7      

Anne Held acorraló a Soraya en cuanto ésta regresó al cuartel general de la CIA.

—Al aseo de señoras —dijo en voz baja—, enseguida.

Una vez dentro del aseo del vestíbulo, Anne recorrió los servicios uno por uno para asegurarse de que estaban solas.

—Mi parte del trato —comenzó Soraya—. El nanotransmisor entró en contacto con fuego, lo que destruyó la mitad de los circuitos.

—Bueno, eso puedo decírselo al Viejo —dijo Anne—. Quiere la cabeza de Bourne… y lo mismo Lerner.

—Por lo que pasó con Cevik. —Soraya arrugó el entrecejo—. Pero ¿qué pinta Lerner en todo esto?

—Por eso te he traído aquí —contestó Anne enérgicamente—. Mientras estabas con Bourne, Lerner dio un golpe de Estado.

—¿Qué?

—Convenció al Viejo para que le nombrara director en funciones de Tifón.

—Ay, Dios —dijo Soraya—. Por si no lo teníamos ya suficientemente jodido.

—Me da la sensación de que todavía no has visto nada. Está empeñado en reorganizar la CIA por completo, y ahora que ha echado el guante a Tifón, lo pondrá todo patas arriba.

Alguien intentó entrar, pero Anne le disuadió.
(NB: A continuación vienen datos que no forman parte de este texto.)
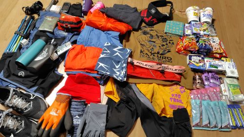 前日は走らずに装備確認のみ。奈良石舞台との差は、耳まで隠すキャップと携帯トイレ、カップヌードルと俺は摂取すと酔い止め薬を追加、カフェオレをルイボスティー+砂糖に変更あたりでしょうか。Tシャツはカムロトレイルランにしました。

—Esto está todo inundado —dijo con autoridad—. Pruebe arriba.

Cuando volvieron a quedarse solas, añadió:

—Lerner irá detrás de todo aquel de quien no se fíe. Y dada tu relación con Bourne, me apuesto lo que sea a que estás la primera de su lista. —Se acercó a la puerta—. Arriba ese ánimo, muñeca.

Sentado con la cabeza entre las manos, Bourne intentaba aclarar aquella descomunal pesadilla. El problema era que no tenía suficiente información. No podía hacer nada, salvo seguir adelante, intentar hallar a Lindros o, si ello no era posible (si su amigo ya estaba muerto), proseguir en aquella misión hasta encontrar y detener a Fadi y a Duyya antes de que llevaran a cabo su amenaza.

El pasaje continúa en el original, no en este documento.